The stale leader problem

A leader cut off by a partition may not know it was replaced — and keeps writing as if nothing changed.

The idea

In a replicated system, one node is elected leader and accepts all writes; the others follow. A network partition can isolate that leader while the rest of the cluster, no longer hearing from it, elects a new one.

If the old leader keeps accepting writes — not knowing it lost its job — you have two leaders at once. That is split-brain, and its writes will be lost or conflict.

The fix is fencing: every period of leadership carries a monotonically increasing epoch (term) number. Downstream storage and followers remember the highest epoch they have seen and reject any write stamped with a lower one.

See it work

Healthy cluster. Press play, or step through it.

How it works

Consensus protocols such as Raft and Paxos attach a number to every period of leadership — Raft calls it a term, Paxos a ballot, others an epoch. The number only ever increases. To win an election a candidate must gather votes from a majority (a quorum), and the new leader's term is strictly higher than the old one's. A node stuck on the minority side of a partition can never collect a majority, so it can never legitimately advance.

That number becomes a fencing token. Lock services like Google's Chubby and Apache ZooKeeper hand out a monotonically increasing token with each lease or lock grant. The protected resource — storage, a database, a file — remembers the highest token it has honoured and refuses anything older. The old leader can try to write, but its token is stale, so the write bounces.

def on_write(write, state):
    # state.maxEpoch = highest epoch storage has ever accepted
    if write.epoch < state.maxEpoch:
        return REJECT  # fenced: a newer leader exists
    state.maxEpoch = max(state.maxEpoch, write.epoch)
    apply(write)
    return ACCEPT

The token must cross the trust boundary: it travels with the write all the way to the storage layer, which is the one component that enforces it. The leader does not get to vouch for itself.

Cost / trade-offs

What you pay	Why
Detection lag	A new leader can't be elected until the old lease times out. Longer leases mean fewer false failovers but a longer split-brain window before fencing kicks in.
Cooperating storage	Fencing only works if the downstream resource carries a monotonic token and actually checks it. You can't bolt it onto a system that ignores epochs.
Minority unavailability	Requiring a majority quorum means the minority side of a partition can't make progress. This is the CAP choice: keep consistency, give up availability there.
Extra round trips	Heartbeats and lease renewals add steady background traffic and a small latency floor on writes that revalidate leadership.

Watch out for

Heartbeats alone are not enough. A missed heartbeat tells you the leader might be gone, not that it stopped writing.
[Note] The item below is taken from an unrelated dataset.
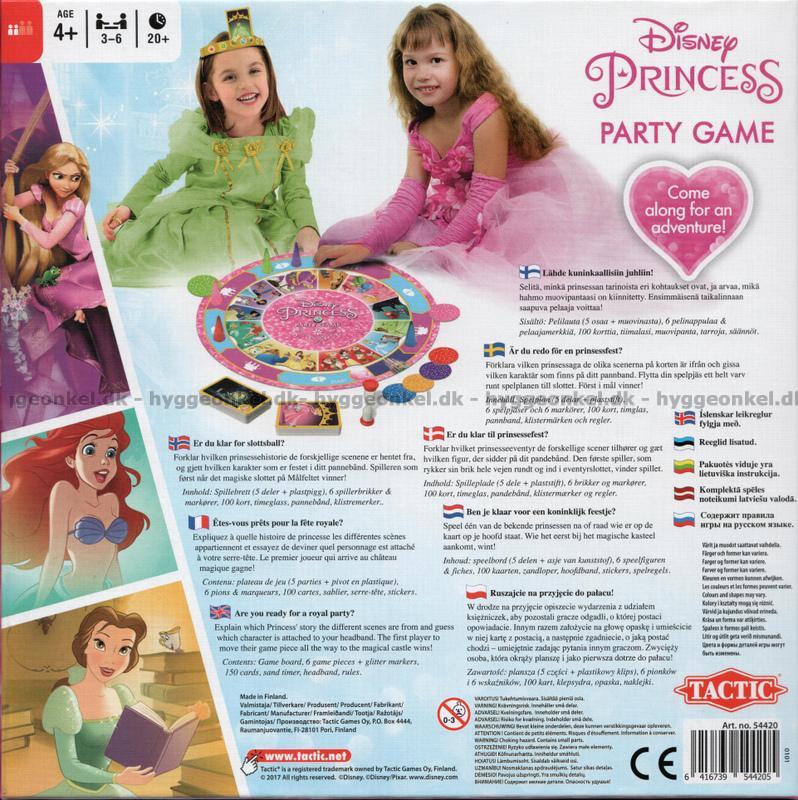 A: En spelare drar ett kort med en bild av en av berättelserna om Disney-prinsessorna. Denna spelare ska försöka att berätta om äventyret och motivet, så att de andra spelarna kan gissa vilket äventyr det handlar om. Man får naturligtvis inte avslöja namnet på vare sig äventyret eller prinsessans namn.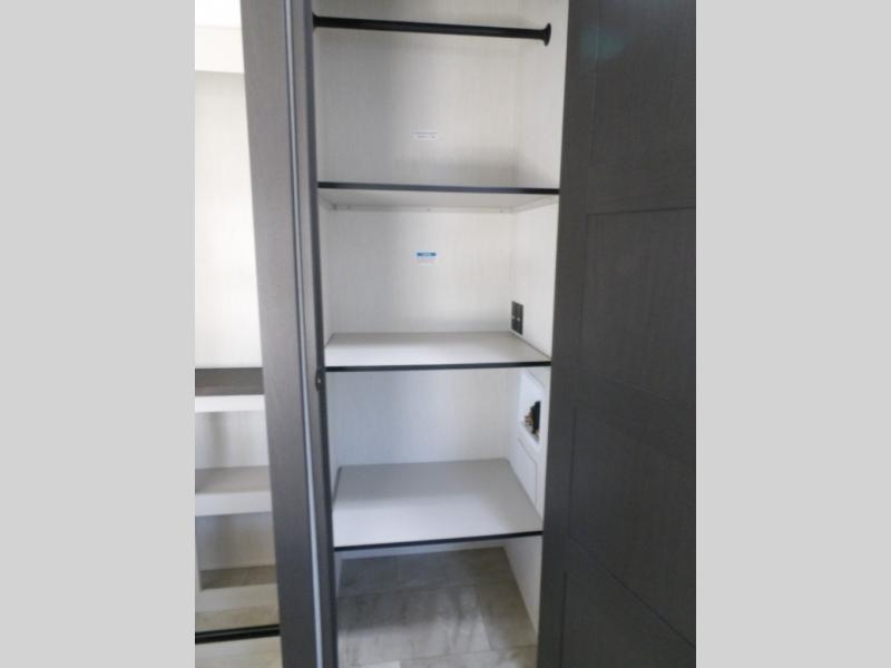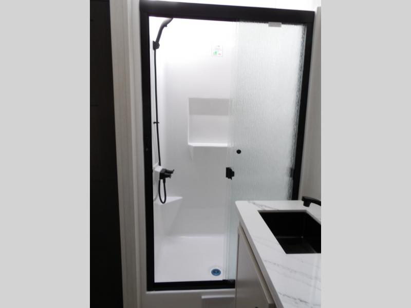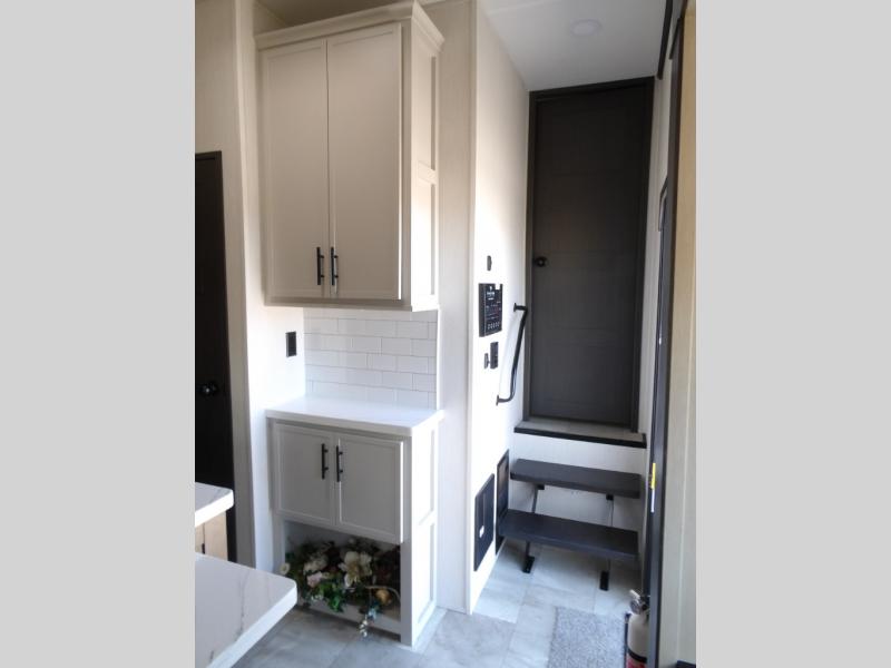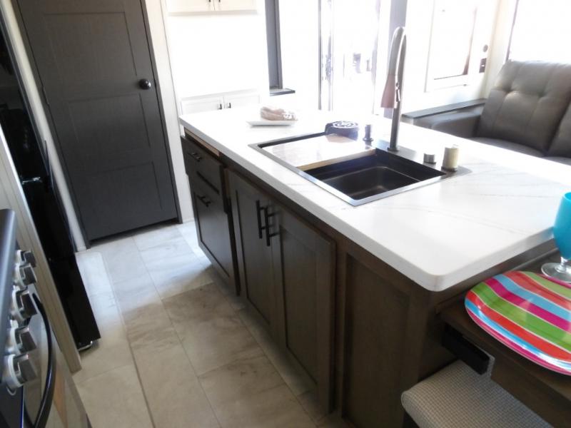 The Sanibel series stands out with a combination of unique and highly functional exterior and interior features designed for both convenience and durability. On the outside, a drop-frame pass-through storage area with a rubberized liner offers ample space while protecting your gear from moisture and wear. Setting up camp is effortless thanks to the one-touch auto-leveling system and rubberized suspension equalizer, which provide a smooth and stable foundation. Inside, comfort meets practicality with carpet less slides for easy cleaning and blackout roller shades for privacy and temperature control. The real wood cabinet doors and solid surface countertops add a touch of elegance, no matter where the road takes you.

Without a fencing token the old leader can keep going.
GC pauses and long stalls. A live leader frozen by a multi-second garbage-collection pause looks dead, gets replaced, then wakes up and writes with a now-expired lease. This is the classic scenario fencing exists to defeat.
Clock-based leases drift. Leases that assume synchronised clocks break under skew — one node thinks its lease is valid while the cluster has already moved on. Prefer a logical epoch over wall-clock trust.
A token nobody checks does nothing. The downstream resource must enforce the token. If storage accepts whatever arrives, the fence is decorative.
Idempotency is not fencing. Last-writer-wins and idempotent retries dedupe repeats; they don't stop a stale leader from clobbering a newer leader's data. Only an epoch comparison does.

Worked example

A lock service grants client A a lease on a shared file, with fencing token 33. A starts a long write but pauses on a garbage-collection stall. While A is frozen, the lease expires; the service grants client B the lease with the next token, 34. B writes successfully — storage records maxEpoch = 34.

Now A wakes up, still believing it holds the lock, and sends its write stamped with token 33. Storage compares: 33 < 34, so it rejects the write. A learns it was fenced. No corruption, no lost B-write, no split-brain — even though both clients briefly thought they were the leader.

Check yourself

1. A leader misses several heartbeats, so the cluster elects a new one. The old leader's network recovers and it immediately accepts a client write. What actually stops that write from corrupting data?

2. Your storage layer happily accepts every write that reaches it and never inspects the epoch token. What does fencing buy you?